If SharePoint Still Has Issues After the Main Fix
Guest Can Access the Site But Cannot Open Files
This happens when the guest has access to the site but not to specific document libraries or files. The site owner must grant explicit permissions. Go to the library or file, click Share, and add the guest user. If the library uses unique permissions, the site owner must break permission inheritance first.
Guest Receives a Loop of Sign-In Prompts
This is usually caused by a conditional access policy that requires MFA. The guest must register for MFA in their own tenant. Alternatively, the admin can exclude guest users from the MFA policy in the resource tenant.

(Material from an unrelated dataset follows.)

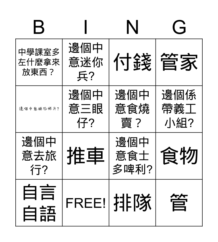 This bingo card has 1 images and 24 words: 中學有什麼學會, 中學多左什麼科目?, 邊個係帶義工小組?, 邊個最想去瑞士呢?, 中學課室多左什麼拿來放東西?, 邊個中意三眼仔?, 邊個中意迷你兵?, FREE!, 邊個中意影相?, 邊個中意去旅行?, 邊個中意食士多啤利?, 邊個中意布甸狗, 邊個中意整野食, 邊個中意食燒賣?, 邊個中意打籃球?, 排隊, 付錢, 推車, 食物, 自言自語, 錢包, 管, 管家 and 牛肉.

Guest Account Was Deleted or Expired
Azure AD guest accounts expire after a set number of days if the guest does not sign in. The default expiration is 30 days. To prevent this, set a longer expiration or disable the guest user expiration policy. In the Microsoft Entra admin center, go to External Identities > External collaboration settings. Under Guest user access, configure the Guest user expiration policy.
Tenant-Level vs Site-Level Sharing: Key Differences
| Item | Tenant-Level Sharing | Site-Level Sharing |
|---|---|---|
| Scope | Applies to all SharePoint sites in the tenant | Applies only to one specific site |
| Where to configure | SharePoint admin center > Policies > Sharing | SharePoint admin center > Active sites > select site > Sharing |
| Effect on existing guests | Does not revoke access for guests already added | Can block guests from accessing that site immediately |
| Override | Can be overridden by site-level settings | Cannot override tenant-level policy if tenant is set to Only people in your organization |
| Propagation time | Up to 24 hours | Immediate |
Now you understand why guest users see Access Denied after accepting an invitation. You can check the Azure AD external collaboration settings, the SharePoint tenant sharing policy, and the site-level sharing settings. After applying the correct configuration, ask the guest to clear their browser cache and try again. For persistent issues, verify conditional access policies and guest account expiration settings.